A faithful copy is needed of the lines below from the one with "Waldpilze mit Zwiebeln, Paprika" up to and including the one with "and out of tub"; set it down with no pictures and no other lines.
/---
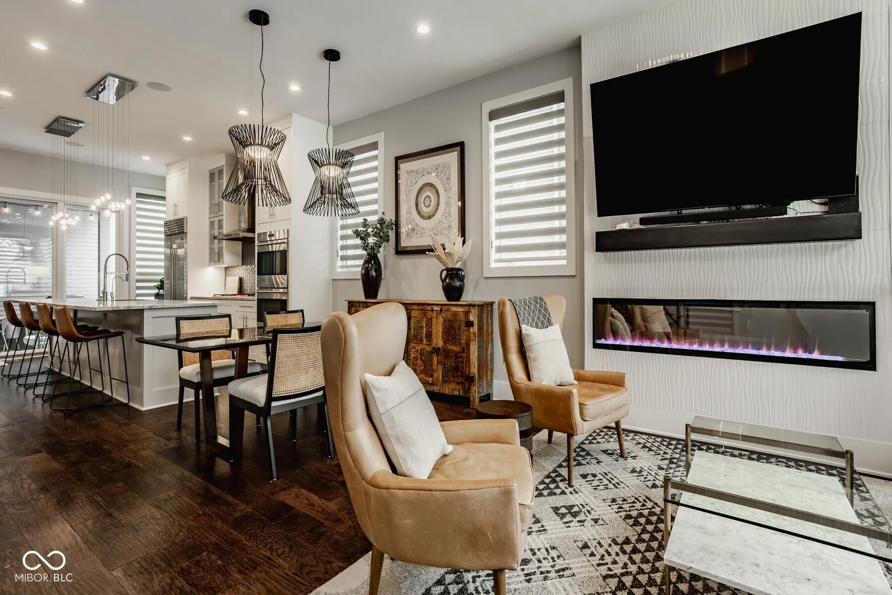 Located in sought-after Lockerbie Square & steps away from Mass Ave, this fabulous residence is perfect for easy living and entertaining. Natural light floods through expansive windows, creating an inviting atmosphere that instantly makes you feel at home. Engineered hardwood floors & designer finishes add style and class throughout the main and upper levels. The main floor is anchored by the living room with a cozy electric fireplace that beckons you to unwind after a long day. As you move through the space, you’ll be drawn to the chef’s kitchen, featuring top-tier appliances like a Sub-Zero refrigerator and double ovens, as well as a stunning tiled backsplash. Off the kitchen, the covered patio is an extension of your indoor living space, and the perfect spot for morning coffees or evening gatherings. The 2nd level family room is connected to a covered deck, giving you more indoor/outdoor entertaining and dining options. Two generously sized bedrooms connected by a Jack-and-Jill full bath and a conveniently located laundry room finish off this level. The third floor hosts the primary suite, featuring a large walk-in closet and an electric fireplace. The finished lower level includes the fourth bedroom as well as a generously sized rec room, complete with a KitchenAid wine fridge and bar area. A private elevator gives you ease of access throughout the home. Rare for the downtown area, this property also has a spacious three-car garage complemented by a wide driveway for your cars & guests! If all this wasn’t enough, you’re just steps away from the city’s most vibrant restaurants and bars. Don’t miss out!
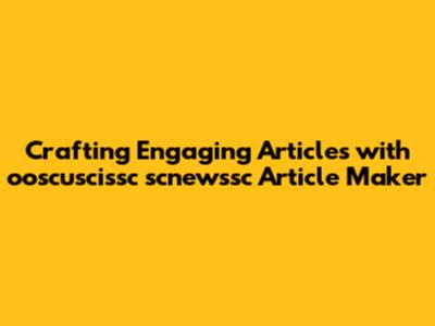 Crafting Engaging Articles With Ooscuscissc Scnewssc Article Maker
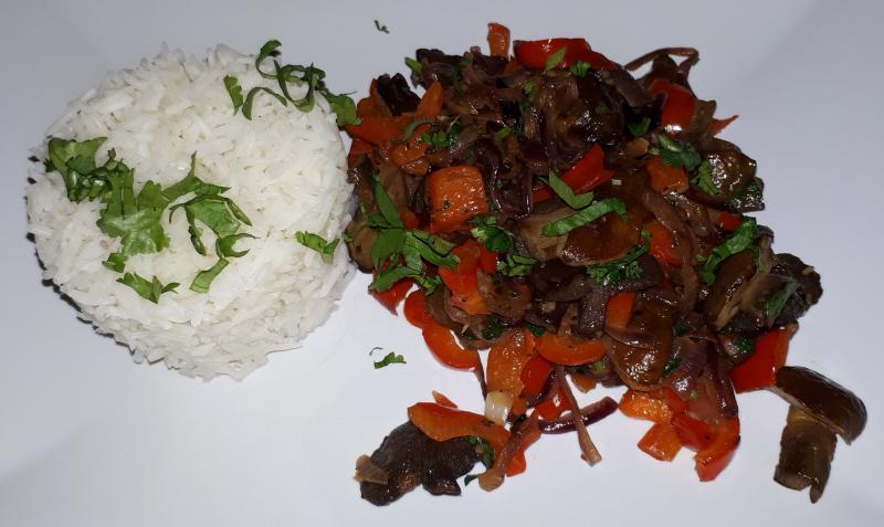 Waldpilze mit Zwiebeln, Paprika und frischem Koriander, Basmati und verschiedene Blattsalate
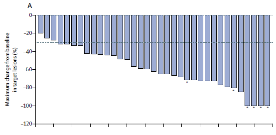 2、该研究尝试了针对HER2阳性胃食管腺癌患者一线去化疗的可能性。其中25例患者第一周期仅用曲妥珠单抗和帕博利珠单抗,却在56%的患者中取得了肿瘤缩小,这一结果令我们非常惊喜。我们不禁推测是不是有可能随着治疗时间延长,ORR会进一步提高?这意味着将来在这类人群中,临床治疗一线去化疗并非天方夜谭。
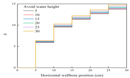 - The effect and impact of water avoidance height on δ along the wellbore is small, but it will have a great impact on the productivity of horizontal wells. For a bottom-water drive gas reservoir, the flow capacity of the gas phase is much stronger than that of the water phase. If the height of avoiding water is insufficient and the water body reaches the horizontal wellbore, a large amount of gas has not been produced on both wings of the gas reservoir, and the water body enters the wellbore, which will seriously affect the productivity of gas wells.
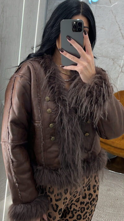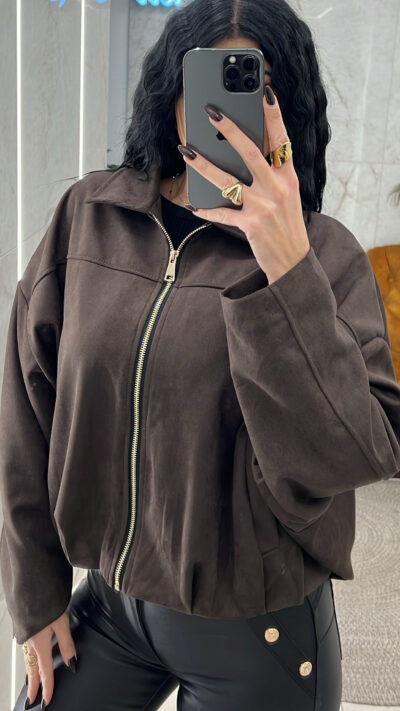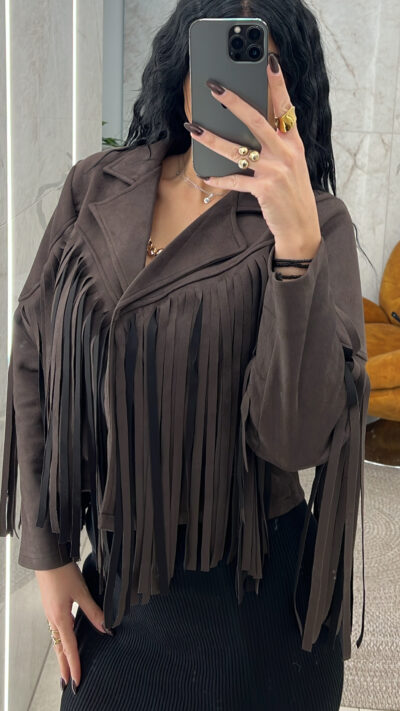Τζάκετ με κρόσια suede 21698/Καφέ
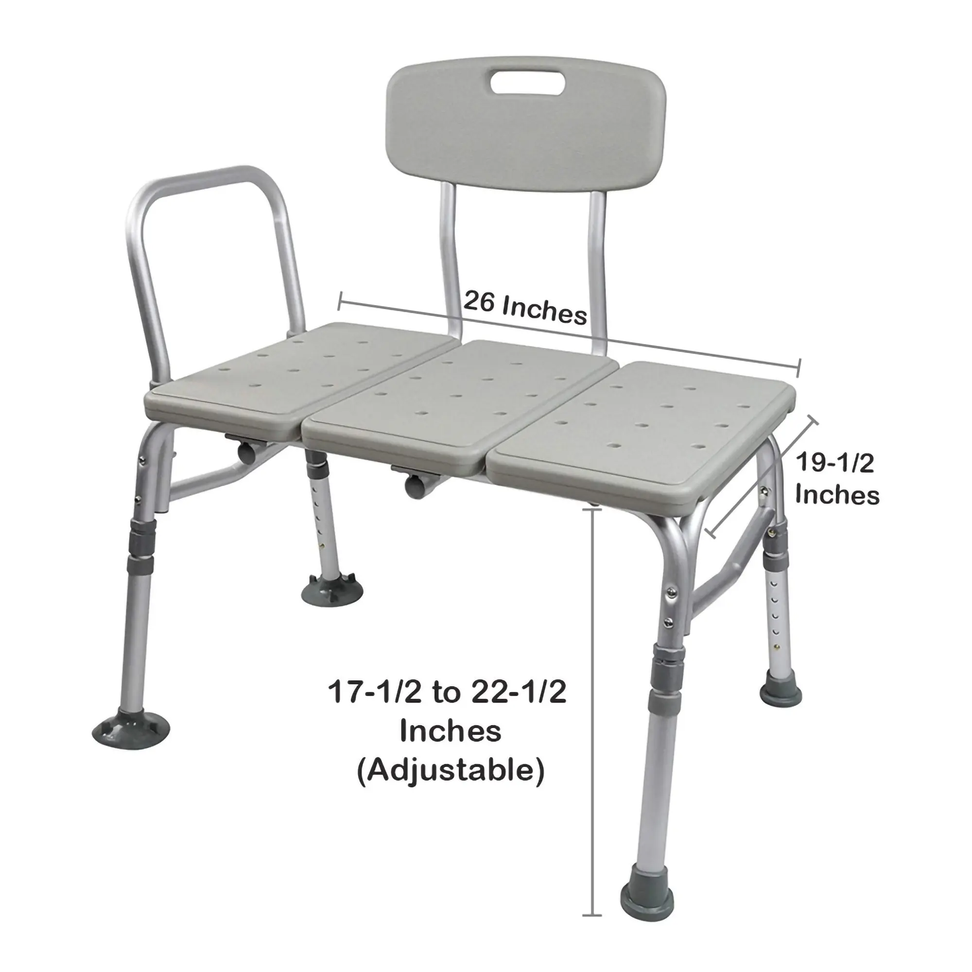 ·Extended bench design and slip-resistant tips provide solution for comfortable transfer from a sitting position into and out of tub
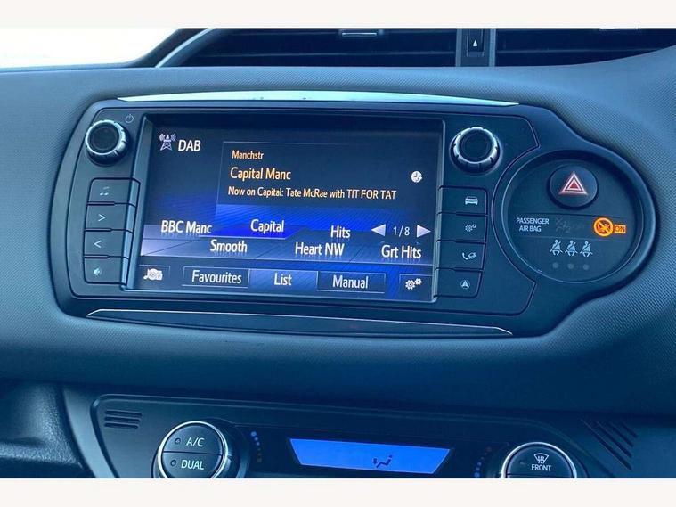 Bluetooth system, Cruise control, Electric boot release, External temperature gauge, Fuel indicator with low level warning, Lights on warning, Push button starter, Rear view camera, Remote fuel flap release, Speed sensitive power steering, Tachometer, Trip computer, 6 speakers, Auxiliary input socket, DAB Digital radio, MP3 player, Radio, Steering wheel mounted audio controls, Touch screen audio system, USB connection, 2 speed front wipers + intermittent wipe, Body colour heated door mirrors, Chrome rear garnish, Colour keyed bumpers, Colour keyed door handles, Drivers window one touch up/down, Electric front windows, Electrically adjustable door mirrors, Follow me home headlights, Front fog lights, Green tinted glass, Headlamp levelling, Heated rear windscreen, LED daytime running lights, LED rear lights, Piano black front grille, Privacy glass, Projector headlamps, Rear spoiler, Rear wiper, Satin chrome fog light surround, Satin chrome front grille surround, 12V Accessory socket, 60/40 split folding rear seat, Boot light, Clean air filter, Driver seat height adjust, Driver's glovebox with lid, Driver/passenger vanity mirrors with covers, Dual zone climate control, Front cupholders x 2, Front map reading lights, Front seats with lumbar support, Gioco cloth upholstery, Height adjustable front head restraints, Height adjustable rear seat head restraints (x3), Interior silver door handles, Isofix system on outer rear seats, Leather gear knob, Leather steering wheel, Rear cupholder, Removable rear parcel shelf, Tilt/telescopic steering column, 3 point seatbelts on all rear seats, ABS+EBD+Brake assist, Collapsible pedal support, Curtain airbags, Door open warning, Driver and passenger airbags, Drivers knee airbag, Front side airbags, Height adjustable front seatbelts with pre-tensioners and load limiters, Hill start assist control (HAC), Passenger airbag deactivate switch, Rear child proof door locks, Seatbelt warning lamp and buzzer, Tyre pressure monitoring system, Vehicle stability control VSC + traction control, Ventilated front disc brakes, Engine immobiliser, Remote central locking, Instrument panel in Dark grey, 16" alloy wheels, Space saver spare wheel,
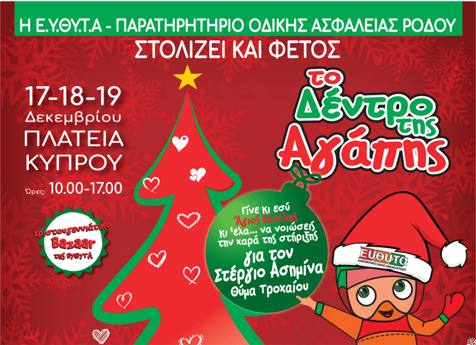 Για ένα σκοπό… για ένα καλό… το «Δέντρο της Αγάπης». Θεσμός για τη Ρόδο. Μια πανελλαδική δράση που ξεκίνησε το 2009, στολίζοντας το πρώτο «Δέντρο της Αγάπης» στην πλατεία Δημαρχείου για να στηρίξουμε το 2009 θύμα τροχαίου ηλικίας 17 χρόνων. Από τότε συνεχίσαμε και στηρίξαμε θύματα τροχαίων, μέλη οικογενειών θυμάτων που σίγουρα όλοι θα θυμάστε.
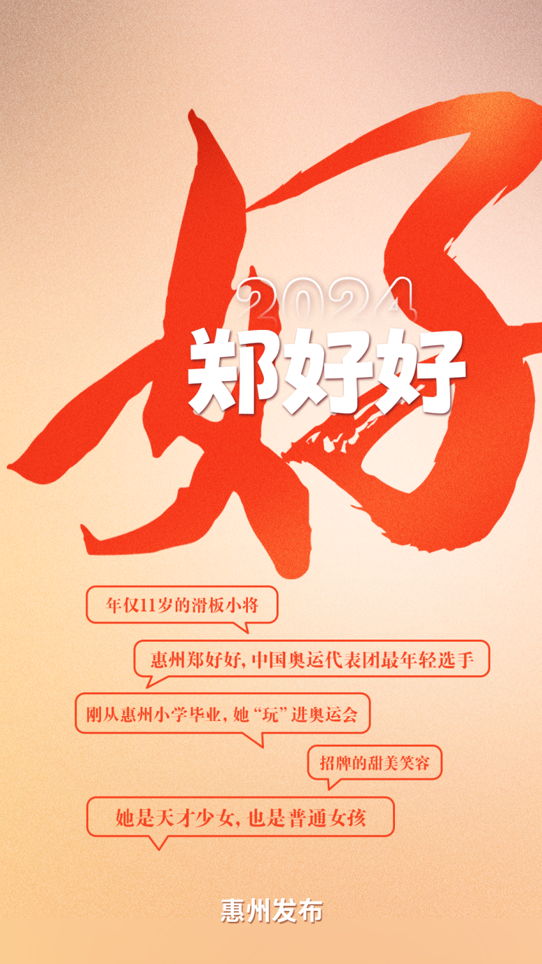 郑好好,2012年8月11日出生,2019年加入惠州滑板队,2021年9月,以全运史上最小年龄参赛选手的身份,获得第14名。随后,她多次代表广东省滑板队夺得全国赛事女子碗池项目的冠军。2024年8月6日,郑好好登上巴黎奥运会女子碗池的赛场。经过三轮比赛,她最终位列预赛第18名,遗憾止步,无缘决赛。近日,人民日报盘点2024中国体育热词,被网友称为“小孩姐”的郑好好入选。
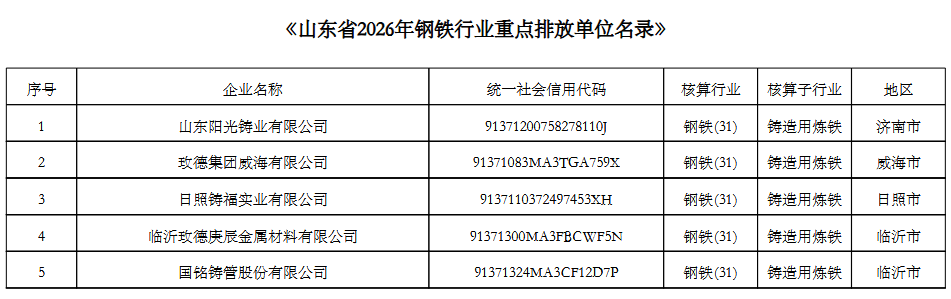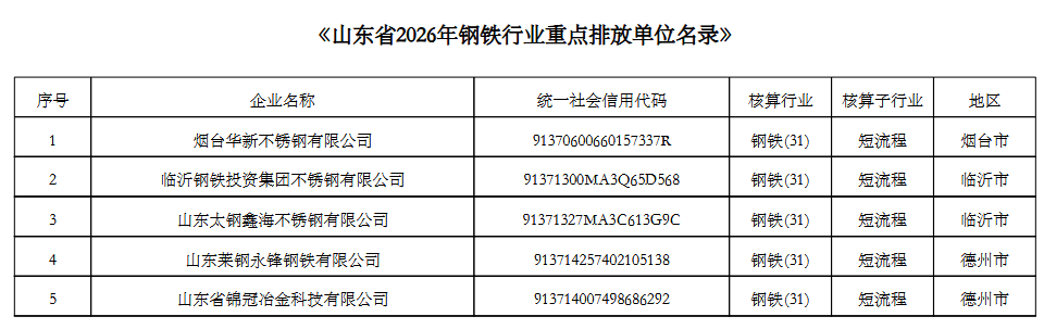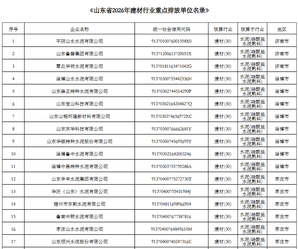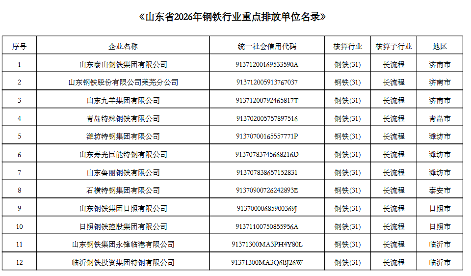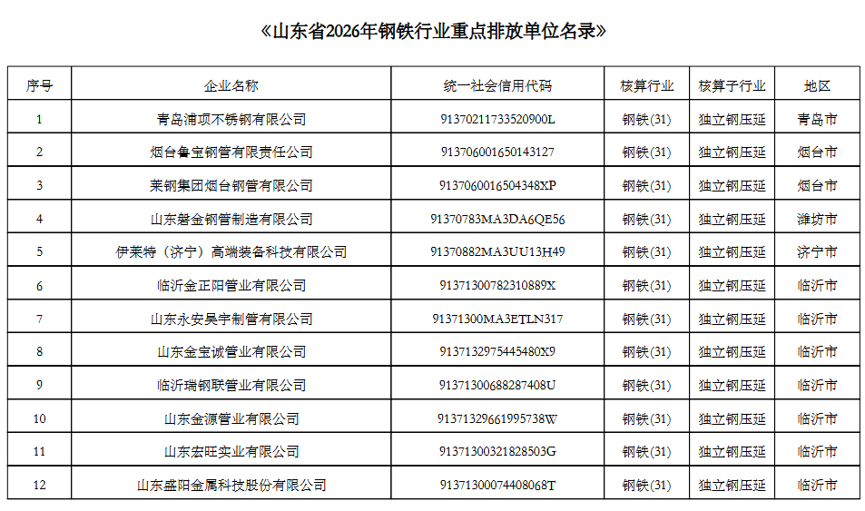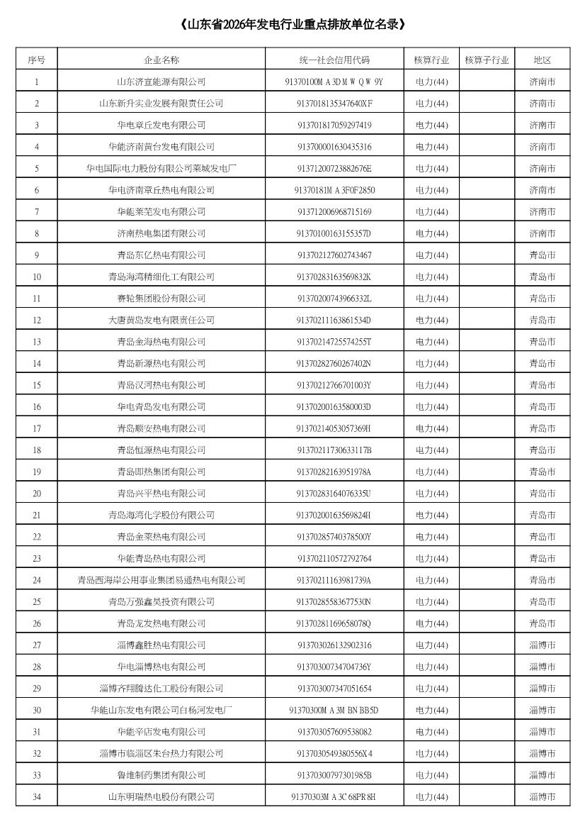 10月29日,山東省生態環境廳公布了全國碳市場2026年度發電、鋼鐵、水泥、鋁冶煉行業重點排放單位名錄。
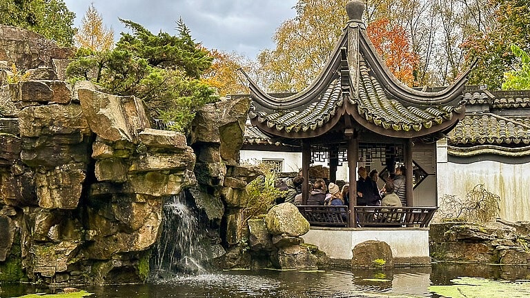 Führung durch den Botanischen Garten der Ruhr-Universität. Die Teilnehemer:innen der China-Akademie nutzen ihren Aufenthalt in Bochum zu einem Besuch des Chinesischen Gartens Qian Yuan. Foto: Arvid Kempf/CHIN-KoBe
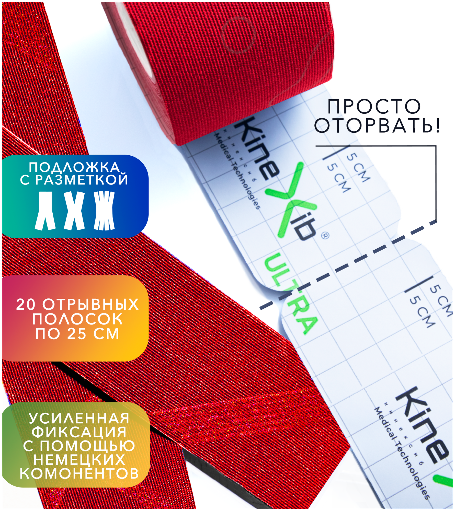 Кинезио тейп KineXib ULTRA, тейпы для тела, тейп спортивный шелковый (5м*5см), красный
\---
**Answer**
 Waldpilze mit Zwiebeln, Paprika und frischem Koriander, Basmati und verschiedene Blattsalate
 2、该研究尝试了针对HER2阳性胃食管腺癌患者一线去化疗的可能性。其中25例患者第一周期仅用曲妥珠单抗和帕博利珠单抗,却在56%的患者中取得了肿瘤缩小,这一结果令我们非常惊喜。我们不禁推测是不是有可能随着治疗时间延长,ORR会进一步提高?这意味着将来在这类人群中,临床治疗一线去化疗并非天方夜谭。
 - The effect and impact of water avoidance height on δ along the wellbore is small, but it will have a great impact on the productivity of horizontal wells. For a bottom-water drive gas reservoir, the flow capacity of the gas phase is much stronger than that of the water phase. If the height of avoiding water is insufficient and the water body reaches the horizontal wellbore, a large amount of gas has not been produced on both wings of the gas reservoir, and the water body enters the wellbore, which will seriously affect the productivity of gas wells.
Τζάκετ με κρόσια suede 21698/Καφέ
 ·Extended bench design and slip-resistant tips provide solution for comfortable transfer from a sitting position into and out of tub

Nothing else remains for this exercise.